Some stand, while others sit in a long line of folding metal and cloth chairs. A few are watching portable DVD players. The gathering is very multicultural overall but is separated into subgroups based on race: Asian, Latino, black, white — their style is a very contemporary Southern California mix of gangsta, skater and punk rock.

I pull the car over to the side of Fairfax and my girlfriend and I ask the kids, very nicely, what they are up to. Their replies drip sarcasm. “We’re waiting for Britney Spears!” says one guy. “We heard J.Lo’s gonna be here!” says another. “Michael Jordan’s supposed to show up!” shouts a third. I’m confused. Why would people who are clearly making some kind of public statement be so squirrelly and evasive?

Now I have to know what’s going on.

I park the car around the corner, walk back and infiltrate the mob. Luckily, the first couple of guys I approach offer me an empty folding chair.

Frizzy-haired Max, who looks like he could be into the band Korn as much as into hip-hop, and Hansi, who has an art-school-meets-barrio-poet vibe about him, lay it down for me with a cool, calm authority. They are all waiting for the Fairfax Avenue boutique shoe store Supreme to open up the next morning at 11 (more than 12 hours from now) so they can be the first ones to buy the new Nike SB Trainers, a sneaker made especially for the Supreme store, which has U.S. locations only in L.A. and New York City. The shoes, which retail for $148, could — and in many cases would — be shortly resold on eBay for two or three times that much.

The kids are part of a subculture called “sneaker heads” or “shoe heads” and they come from all parts of greater L.A. Max and Hansi, who looked to be in their late teens or early 20s, drove more than an hour from the heart of the Inland Empire.

“Rock the shoes to break the necks,” says Hansi, quoting a common sneaker-head motto. And by “break the necks,” they mean turning heads, not literally stepping on someone’s jugular. Of the sneaks that are kept and never resold, there seems to be a split among the collectors. “Some people wear ’em and wear ’em out,” says Max, “Some people save them, never even wear ’em.”

The resell prices for this footwear are nothing to sneeze at. A model from a while back called What the Dunk retailed for $129 and resold on eBay for $3,000. Someone gives me a glossy brochure featuring the new Trainers in question. They are Michael Jordan–inspired and have a black-over-white, fine webbing pattern on the tongue, black laces and a velcro pull strip near the toe. They come in four colors, and I especially remember a rich, medium blue and a bright, sunny yellow.

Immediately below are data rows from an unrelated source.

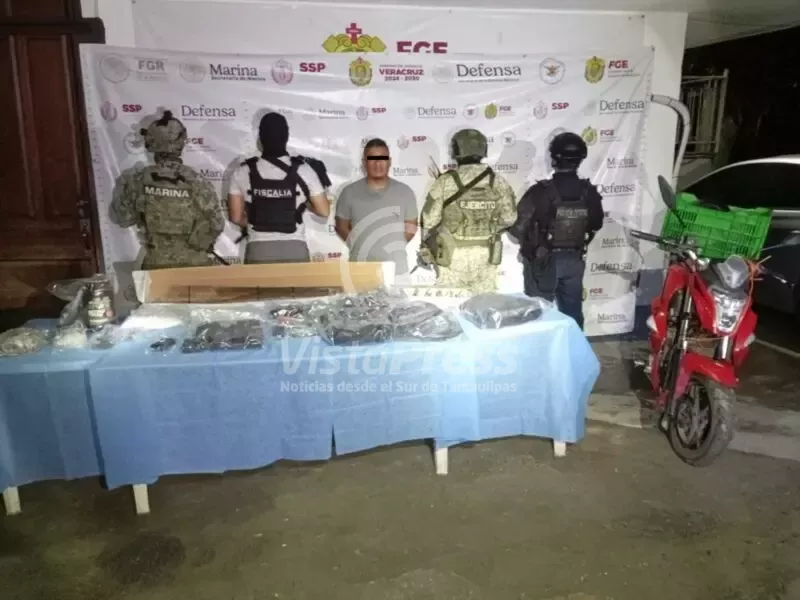 Asimismo, en Pánuco, se aprehendió a tres personas, entre ellas una mujer, a quienes les fue asegurado armas de fuego largas y cortas, una granada de fragmentación, cargadores, chalecos tácticos, placas balísticas y aros aprehensores, así como gorras con leyenda alusiva a un grupo delictivo.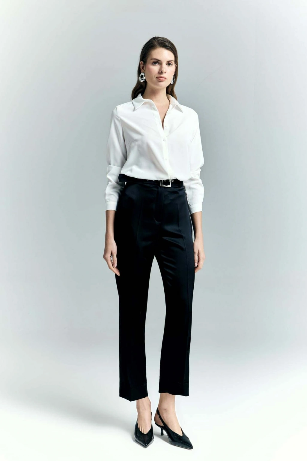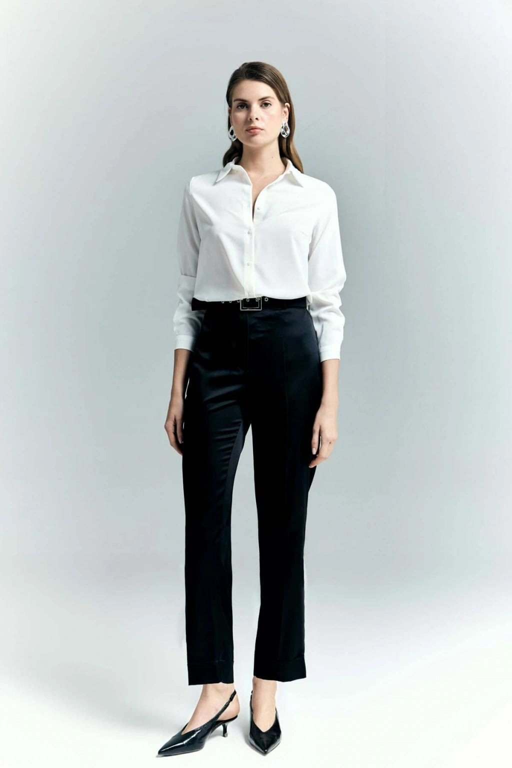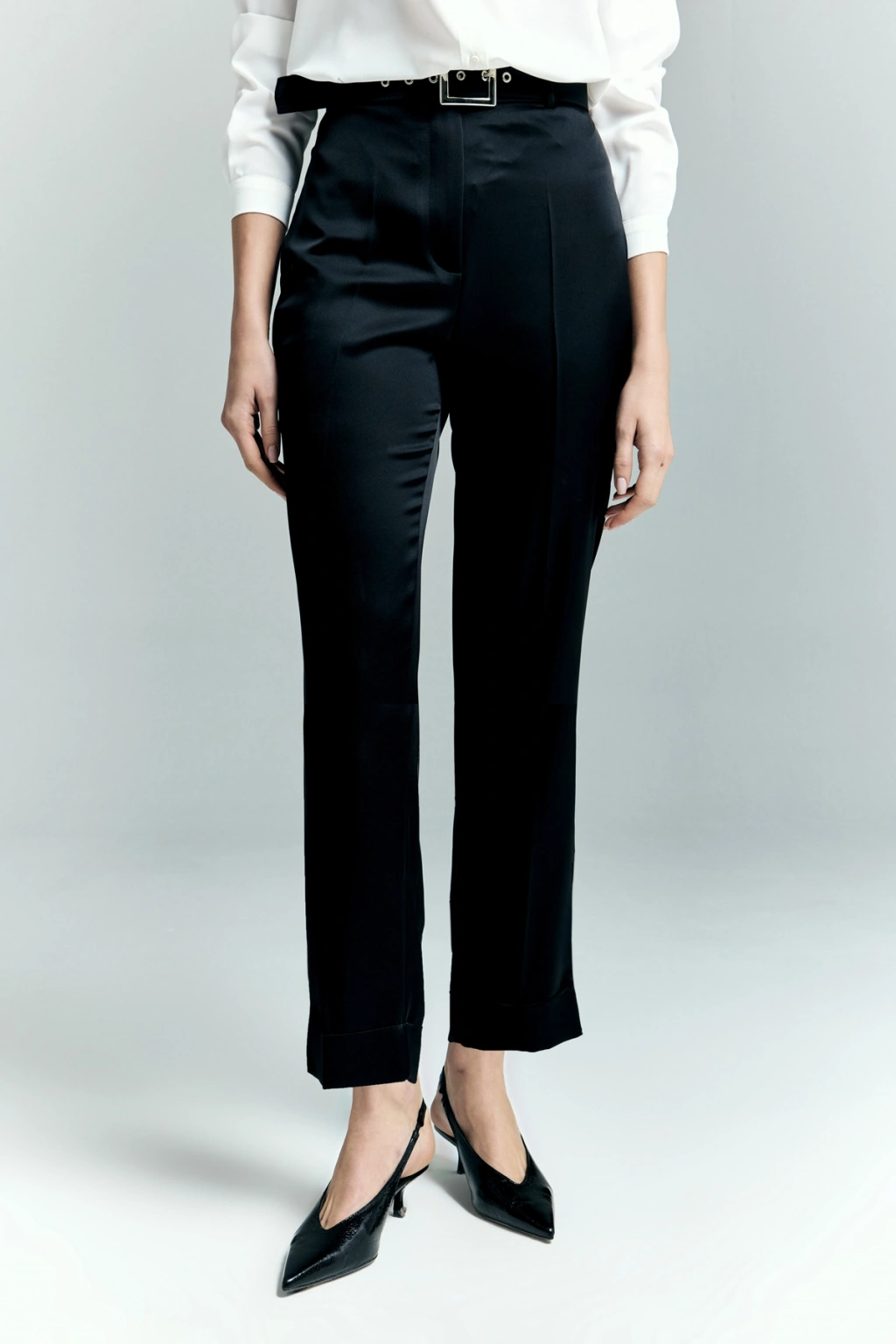 Lisa Saten Duble Paça Pantolon - Siyah
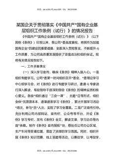 某国企关于贯彻落实《中国共产党国有企业基层组织工作条例(试行)》的情况报告.docx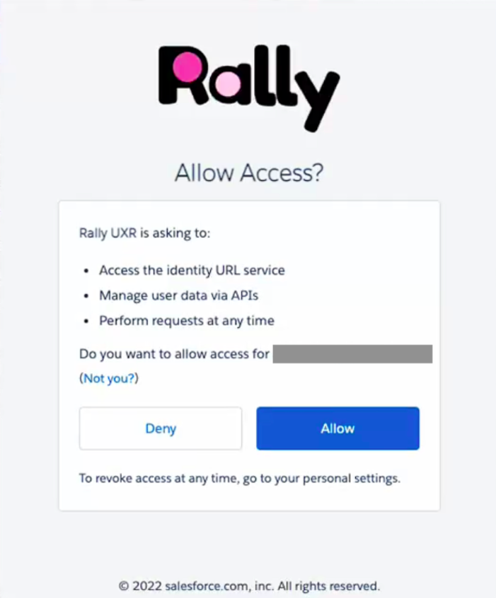 Grant Rally the following required permissions by selecting Allow: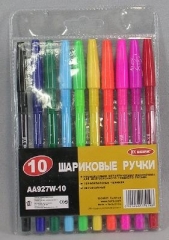 Ручки шариковые набор BEIFA 10 цветов цветной корпус пластиковый блистер AA927W-10

To my eyes, they were a little underwhelming for all the hype — not as physically impressive as, say, a space-age ski boot. But I love casual, laceless slip-on shoes from the discount rack at Big 5, so what do I know of ultra-hip, rare-model sneakers?

“Some kids say, ‘I don’t want to spend a lot on a pair of shoes,’?” Max explains. “?‘What if they go out of style?’ Shoes are like wine, they go up in price with time.”

Adds Hansi, “You know. Like baseball cards.”